ABOUT THIS EXERCISE
Set down the final stretch of the data, from the line that holds "在校生歓迎の言葉の様子です。" through the last line, both included, with pictures left out.

EXERCISE DATA
________________________________________

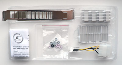 В их числе две решётчатых планки на заднюю стенку корпуса системного блока, инструкция по установке, комплект винтов и шайб, четыре алюминиевых радиатора на силовые элементы платы, восемь радиаторов на микросхемы видеопамяти и переходник для подключения питания вентиляторов к мolex-разъёму блока питания.
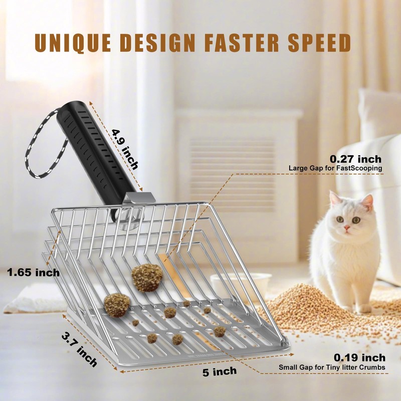 - High-Quality Material: Made from premium stainless steel, durable and corrosion-resistant, perfect for a cat litter scoop, kitty litter scoop, and metal kitty litter scoop
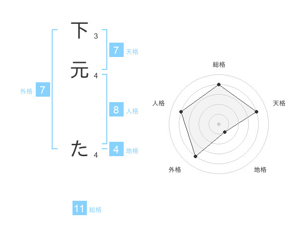 下元 たさんの総格は11画の4点!
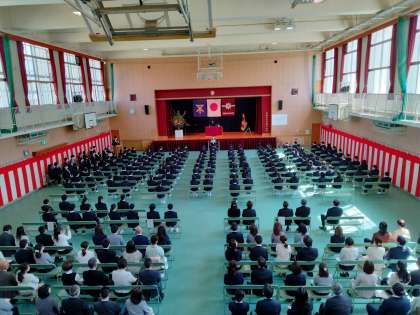 在校生歓迎の言葉の様子です。後輩を迎え入れる先輩の代表として、立派なスピーチをしてくれました。
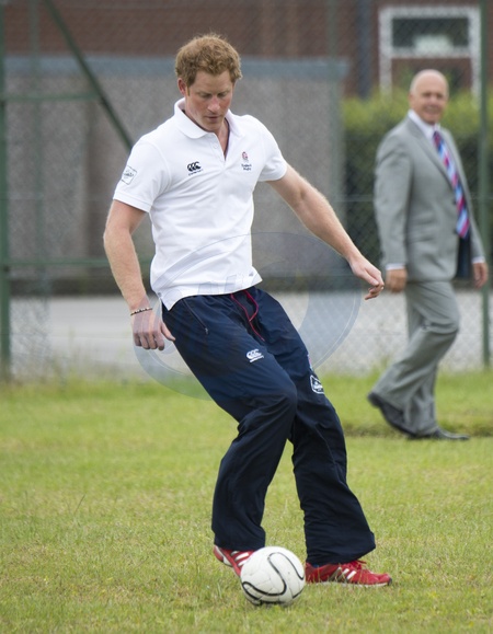 Ksiaze Harry gra z dziecmi w pilke nozna i rugby
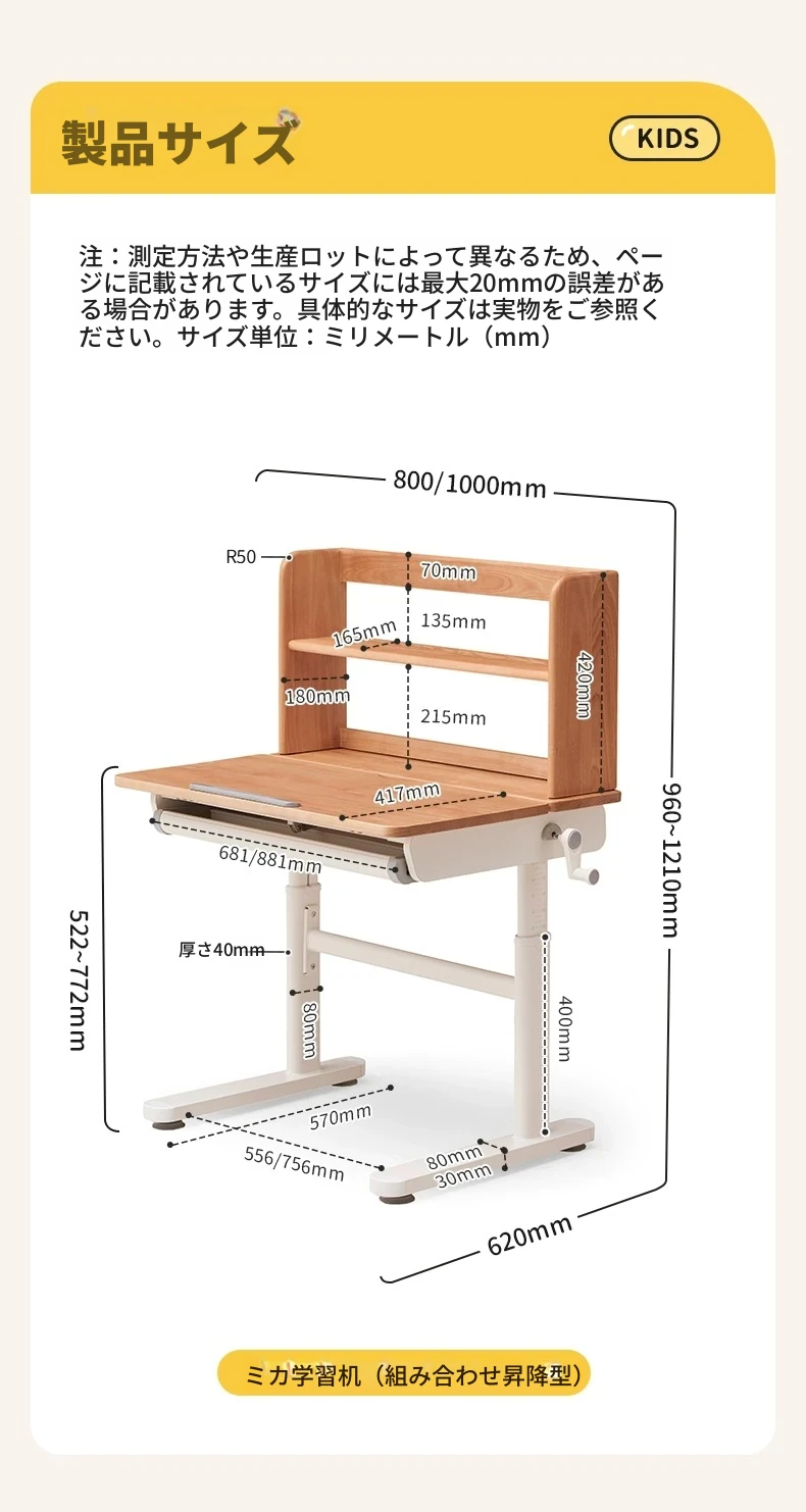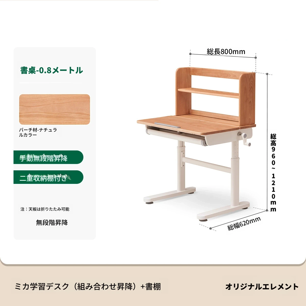 【バーチ-ナチュラルカラー】ミカ学習デスク(コンビネーション昇降)-0.8

________________________________________

EXERCISE OUTPUT
 在校生歓迎の言葉の様子です。後輩を迎え入れる先輩の代表として、立派なスピーチをしてくれました。
 Ksiaze Harry gra z dziecmi w pilke nozna i rugby
 【バーチ-ナチュラルカラー】ミカ学習デスク(コンビネーション昇降)-0.8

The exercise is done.